How many milliliters of 0.246 M HNO3 should be added to 213 mL of 0.00666M 2,2'-bipyridine to give a pH of 4.19?
To solve this problem, we need to use the concept of acid-base reactions and the equation for pH. Here's how you can approach it:
Step 1: Write the equation for the acid-base reaction.
In this case, we have HNO3 (nitric acid) as the acid and 2,2'-bipyridine as the base. The reaction can be written as follows:
HNO3 + 2,2'-bipyridine -> H2O + [2,2'-bipyridine-H]+ + [NO3]-
Step 2: Calculate the concentration of [2,2'-bipyridine-H] ions.

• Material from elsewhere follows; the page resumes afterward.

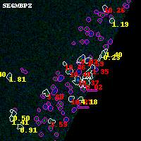Black segments are analyzed here. Roll mouse over color images to view segments. Best viewed in a wide browser window (1200 pixels or more). Download SED & P(z) plots to view larger versions.

Since we know the pH, we can calculate the concentration of [2,2'-bipyridine-H] using the equation for pH:
pH = -log[H+]
Rearranging the equation:
[H+] = 10^(-pH)
[H+] = 10^(-4.19)
Step 3: Calculate the required amount of HNO3.
Now, we can use the equation for the acid-base reaction to determine the moles of acid required to neutralize the [2,2'-bipyridine-H] ions. Since we know the concentration of 2,2'-bipyridine and the concentration of [2,2'-bipyridine-H], we can use the equation:
moles of acid = moles of base
moles of HNO3 = (concentration of [2,2'-bipyridine-H] ions) * (volume of 2,2'-bipyridine)
Step 4: Convert the moles of HNO3 to milliliters.
Since we have the concentration of HNO3, we can convert the moles of HNO3 to milliliters using the equation:
moles of HNO3 = (concentration of HNO3) * (volume of HNO3 in milliliters)
Solving this equation will give us the volume of HNO3 required to neutralize the [2,2'-bipyridine-H] ions.
By following these steps and plugging in the given values, you should be able to find the answer.